START Source material
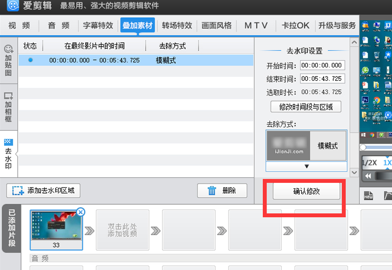 8、单击“叠加素材”菜单,然后选择“去水印”选项
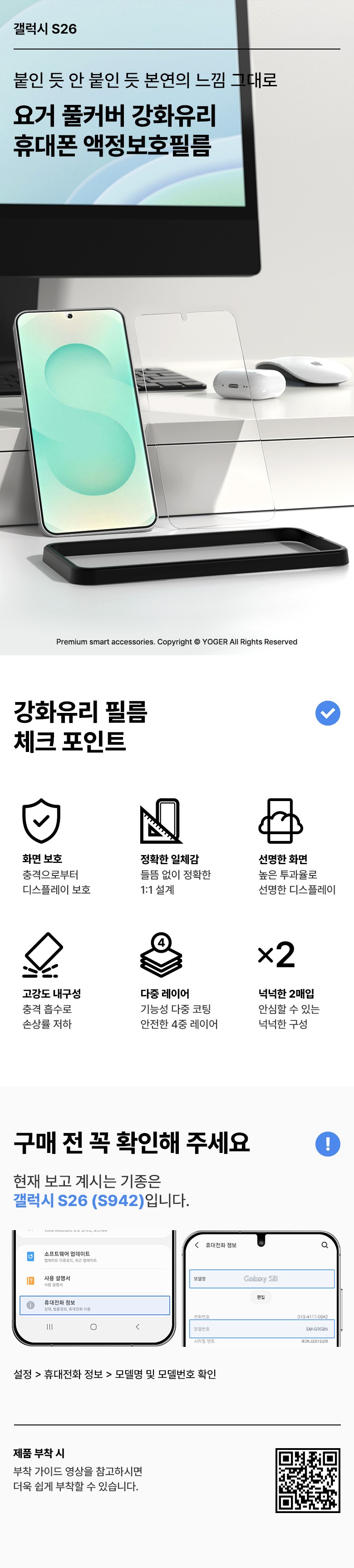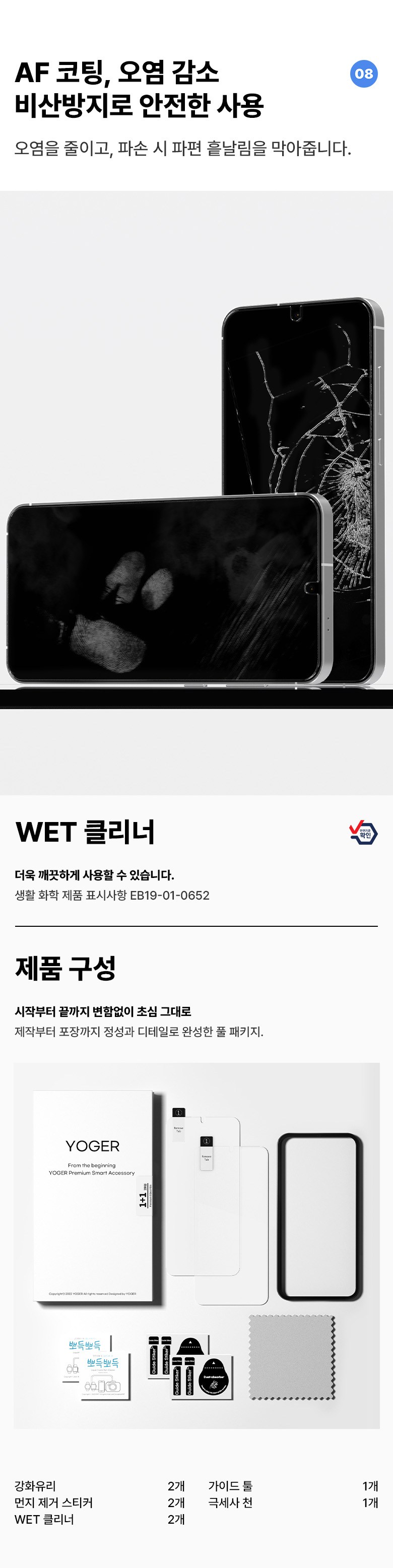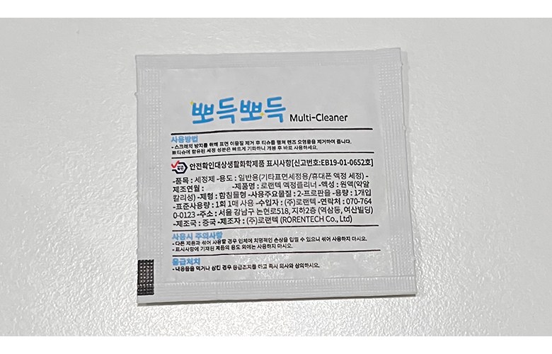 | 품명 및 모델명 | 요거 액정보호필름 | 인증/허가 사항 | 본품: 해당없음(14세 이상)ㅣ클리너: EB19-01-0652 |
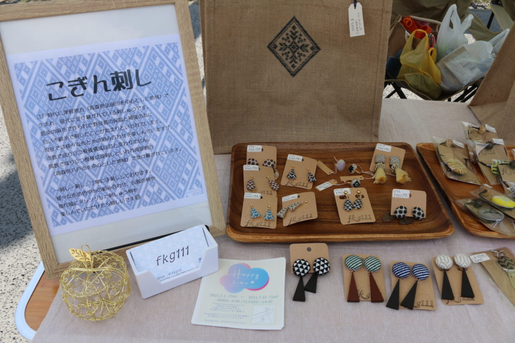 @fkg111さんは、私がちょうどブースを訪れた時はいらっしゃらなかったのでお話は伺えなかったのですが、江戸時代に津軽地方(青森県弘前市を中心とした地方)で生まれた刺繍とのこと。とっても気になるな〜って思っておりましたら、2021年7月1日〜10日までHappy timeに出店されるそうです。こちらはさいたま市見沼区七里にあるそうですが、もしよろしければ少し足を伸ばしてお出かけされてみてはいかがでしょうか? ショップの他に、ワークショップもたくさん開催されているとか。
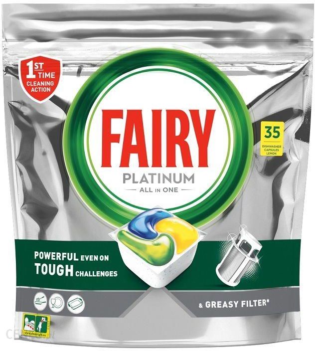 Fairy Platinum All In One Lemon – tabletki do zmywarkiTabletki do zmywarki All In One Fairy Platinum działają już przy 1. myciu i usuwają nawet trudne zabrudzenia, pozostawiając naczynia czyste i lśniące. Dzięki sile działania tabletek do zmywarki Fairy Platinum możesz bez obaw przygotowywać wszelkie posiłki, wiedząc, że poradzą sobie nawet z tłustym filtrem, a naczynia i zmywarka będą czyste i pachnące świeżością. Tabletki do zmywarki Fairy to połączenie płynu i proszku w jednej wydajnej kapsuł
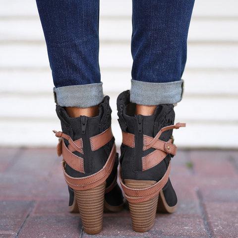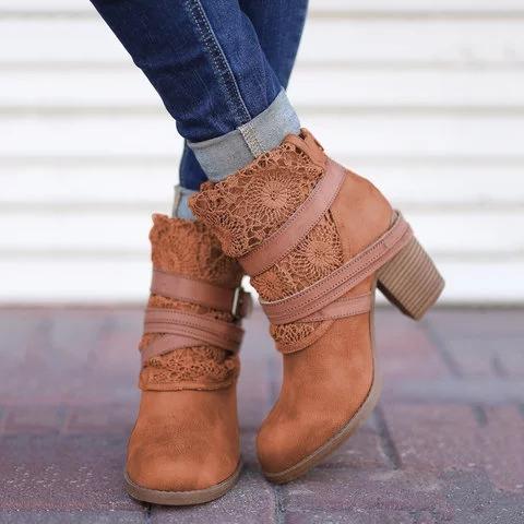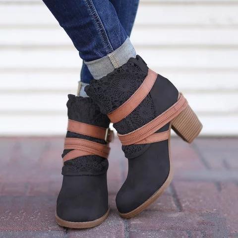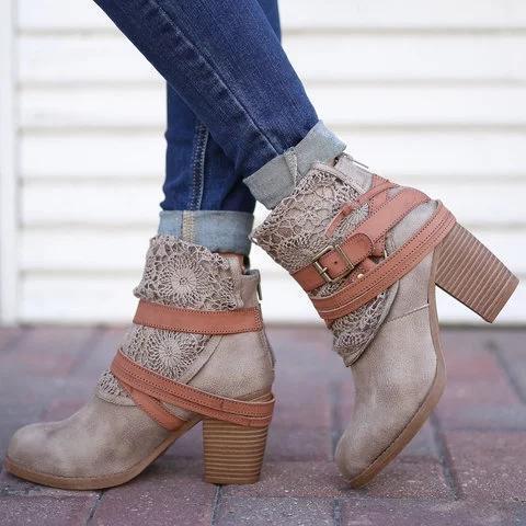 *Women Fashion Lace Ankle Boots Chunky Heel Daily Zipper Booties
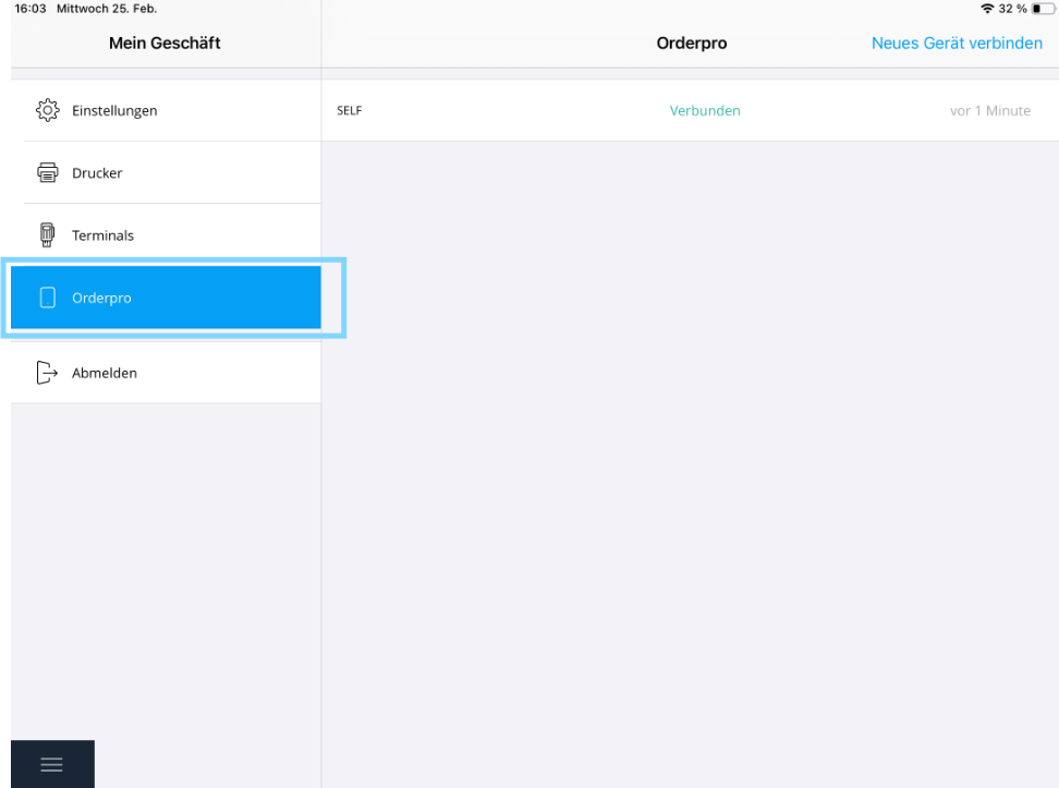 If you want to disconnect an Orderpro device from a register, tap the main menu icon in the top left corner.
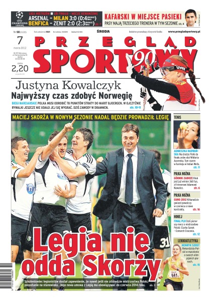 Legia Warszawa nie odda Skorży – Maciej Skorża w nowym sezonie nadal będzie prowadził Legię; Kafarski w miejsce Pasieki – Pasy mają trzeciego trenera w tym sezonie; Arsenal pokonał Milan 3-0; Agnieszka Radwańska ponownie zmierzy się z Wiktorią Azarenko, tym razem w turnieju w Indian Wells; Górnik Zabrze jest już winien trenerowi, Adamowie Nawałce, 360 tysięcy złotych; dziś pierwszy mecz o mistrzostwo Polski – Ciarko Sanok kontra Comarch Cracovia; Henryk Szost o swoich olimpijskich planach; Benfica pokonała Zenit 2-0.
END Source material
Assignment —
Find the line with "Daily Zipper Booties" in the entries above. Set down exactly every line from it up to and including the line with "If you want", images excluded.

Exercise solution —
 *Women Fashion Lace Ankle Boots Chunky Heel Daily Zipper Booties
 If you want to disconnect an Orderpro device from a register, tap the main menu icon in the top left corner.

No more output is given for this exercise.